I stepped forward, palm pressed fully against the labyrinth, and the world seemed to fold in on itself. The walls stretched upward and inward, twisting like they were alive, breathing around me. My torch flickered violently, throwing shadows that darted ahead of me and disappeared before I could even focus on them.
The air was cooler here, damp with the scent of ancient stone and faint metal, like iron long dried. Each step echoed ominously, reminding me that nothing in this place was ordinary. The labyrinth wasn't just carved into the floor — it was alive. Every ridge, every twist in the stone seemed to pulse with intent.
I swallowed hard. "Okay, Nolan. Not dying today… probably. Maybe. Possibly. Don't panic too early, that's rookie behavior."
The first skeleton appeared almost immediately, slinking from a side corridor. Hollow eyes glowed faintly, bones rattling as it moved, and it locked onto me instantly. I bolted. Not gracefully, more like panicked flailing. The walls seemed to shift subtly as I ran, forcing me to adjust my path with every step. I slammed into corners, nearly tripped over raised stones, and cursed at the maze with every fiber of my being.
"Seriously?! You move now? I didn't sign up for running from walls!"
I dodged the first skeleton's swipe, rolling awkwardly under a narrow arch, my ribs aching from the impact with the wall. Another skeleton emerged from behind a pillar. I grabbed a loose rock and hurled it, hitting it squarely in the skull. The clatter echoed like a gunshot in the cavernous space.
Still, more kept coming. The maze was designed to hunt. I could hear the hollow clattering of bones all around me.
"Okay, okay," I muttered, breathing hard, "think. Plan. Strategy. You have rocks. You have your wits. And you have… well, fear. Lots of fear. Use that too."
I darted down a narrow corridor, walls pressing close. My torchlight revealed cracks in the stone — tiny imperfections I could use to my advantage. I pushed myself to memorize them: small gaps where I could squeeze through, places the skeletons couldn't reach quickly. Every step was a calculation, every turn a gamble.
Minutes stretched into what felt like hours. I lured skeletons into collapsing corridors, dodged swinging stone panels, and even managed to trap a few behind dead ends. My hands ached from gripping the torch and the edge of walls. My chest burned, ribs scraped raw from impacts, and sweat ran into my eyes, stinging.
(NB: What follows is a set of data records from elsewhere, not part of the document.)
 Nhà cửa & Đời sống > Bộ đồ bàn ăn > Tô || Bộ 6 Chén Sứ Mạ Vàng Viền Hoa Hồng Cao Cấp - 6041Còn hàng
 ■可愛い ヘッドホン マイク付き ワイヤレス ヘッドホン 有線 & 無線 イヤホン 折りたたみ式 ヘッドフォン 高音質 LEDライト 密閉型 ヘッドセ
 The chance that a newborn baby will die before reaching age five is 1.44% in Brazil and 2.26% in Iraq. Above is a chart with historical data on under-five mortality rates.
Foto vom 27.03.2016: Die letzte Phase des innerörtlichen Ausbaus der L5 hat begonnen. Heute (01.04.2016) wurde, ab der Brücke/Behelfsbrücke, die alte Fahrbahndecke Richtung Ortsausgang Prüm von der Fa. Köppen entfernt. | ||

Yet no matter what I tried, no matter how carefully I planned, the labyrinth responded. Walls shifted, paths I memorized disappeared, and skeletons always seemed one step ahead. Every miscalculation meant I had to improvise or risk death.
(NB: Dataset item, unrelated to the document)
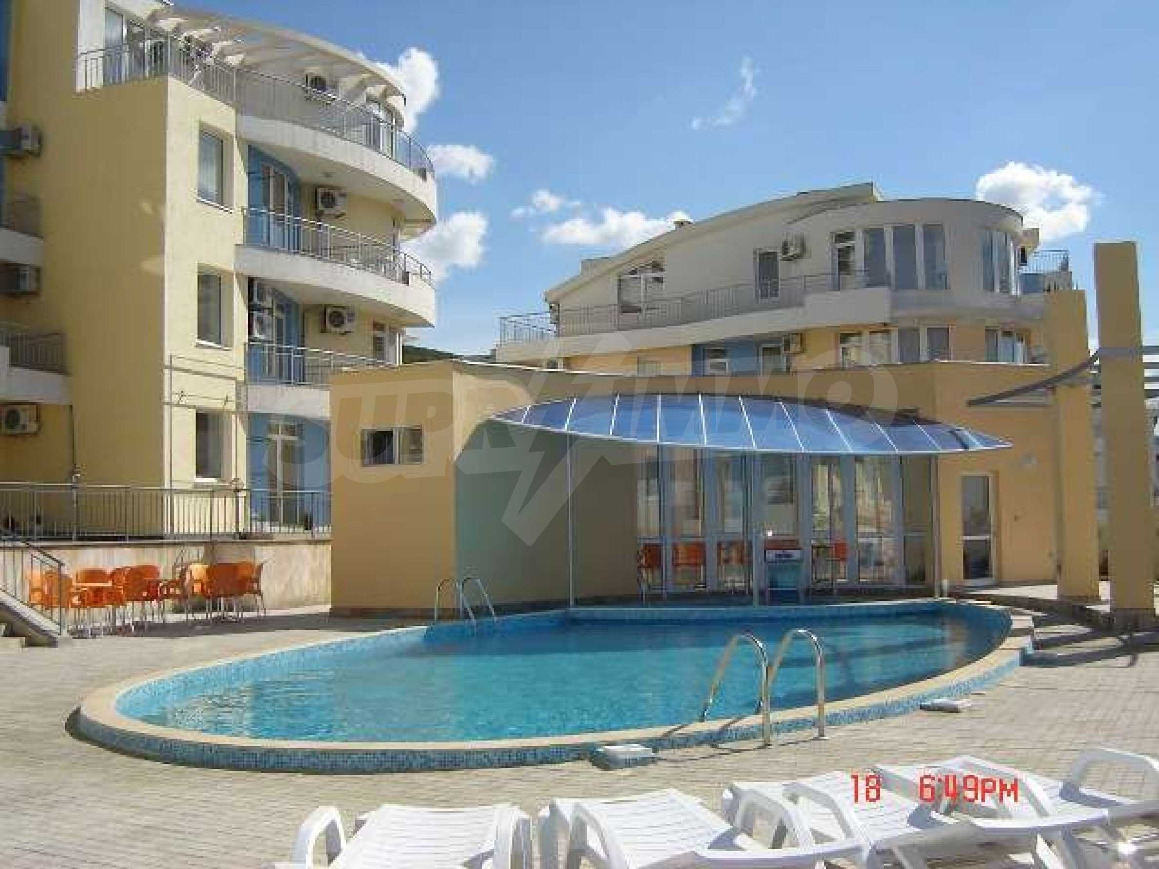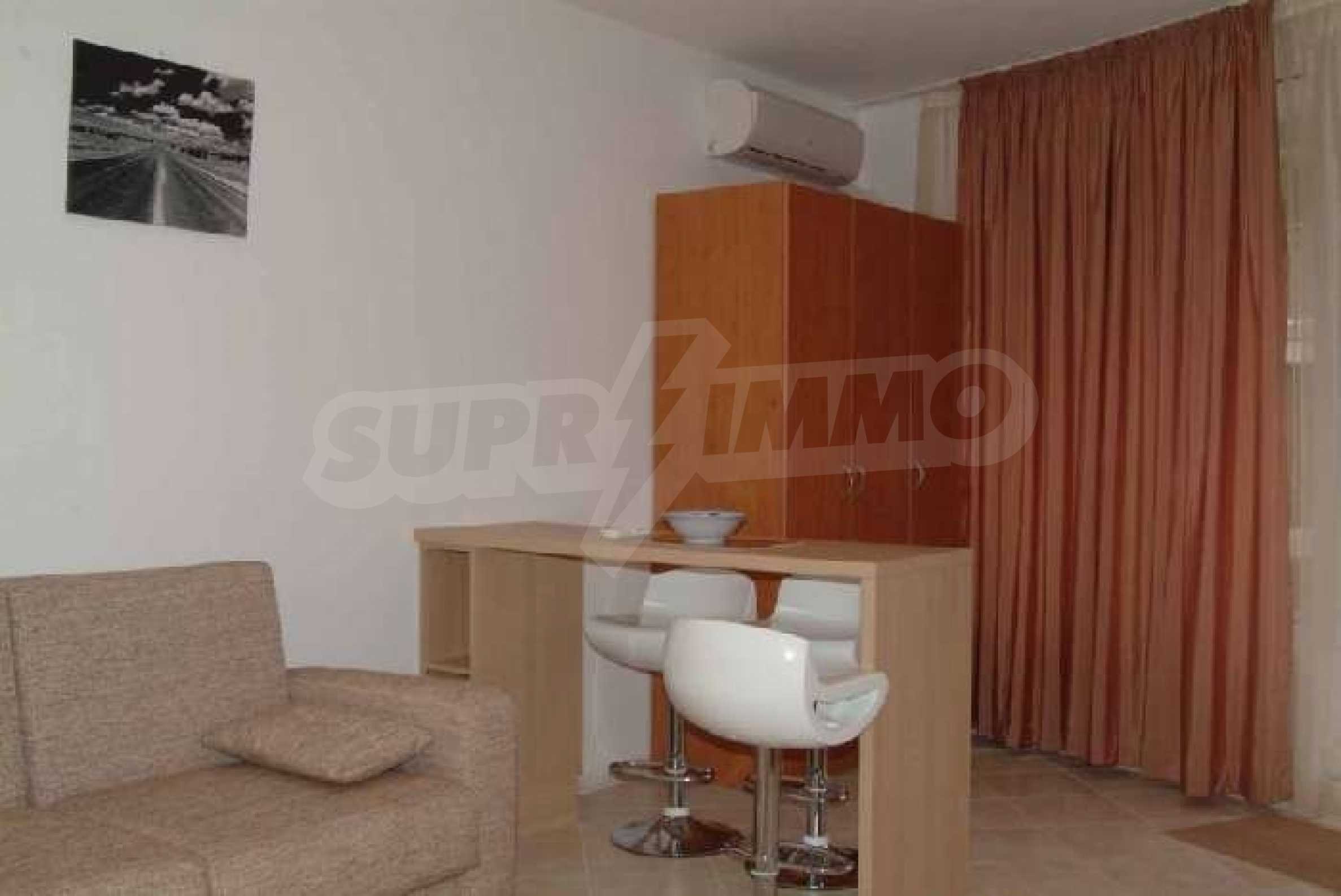 Sunset 2 Apartments is set in the peaceful and natural surroundings of the Balkan Mountains. It is situated in Kosharitsa at the foot of the mountain and only 7km from Sunny Beach. The village of Kosharitsa is a farming village and 3 minutes away along the road there are a few shops and local restaurants.This studio apartment is fully furnished and consists of a living area with a sofa bed, a kitchenette with all necessary electrical appliances, a bathroom and a balcony. The complex boasts first-class facilities including 24 hr reception, video security control, 4 swimming pools, pool bar, health, beauty and leisure facilities, an open air restaurant and internet access.  Sunsets close proximity to Sunny Beach means that you can enjoy the beautiful beaches and lively nightlife but also be away from the hustle and bustle should you prefer a quieter more relaxing holiday home. A shuttle bus runs regularly into Sunny Beach and as with many Bulgarian roads the village roads are in the process of being relaid and upgraded. This area, near the mountain and sea, offers facilities for hunting and fishing or just relaxing at the resort or on the beach.  A perfect opportunity to own a holiday home in Bulgaria, whether for personal use or holiday rentals.

I began noticing patterns. Skeletons tended to patrol in waves, walls shifted in rhythm, and traps repeated their timing. Each observation gave me a fraction of hope, a tiny edge in a place designed to erase all hope.
An hour — maybe a couple hours? — I lost track of time. Every escape felt like progress, every small victory a miracle. I was exhausted, bleeding from scrapes and bruises, but I adapted. The labyrinth demanded it, forced it into me.
Then I saw it — a pit lined with spikes at the base of a crumbling corridor. I tried to time a jump perfectly, calculating the wall shift, skeleton positions, and my own stamina. My heart pounded. My hands shook.
I ran, leaped… and misjudged by a fraction. My foot clipped the edge of the pit. Time slowed. The spikes rushed up to meet me. I screamed. My body slammed down. Pain exploded through me as darkness claimed me.
And that was it.
Death reclaimed me once again for the second time.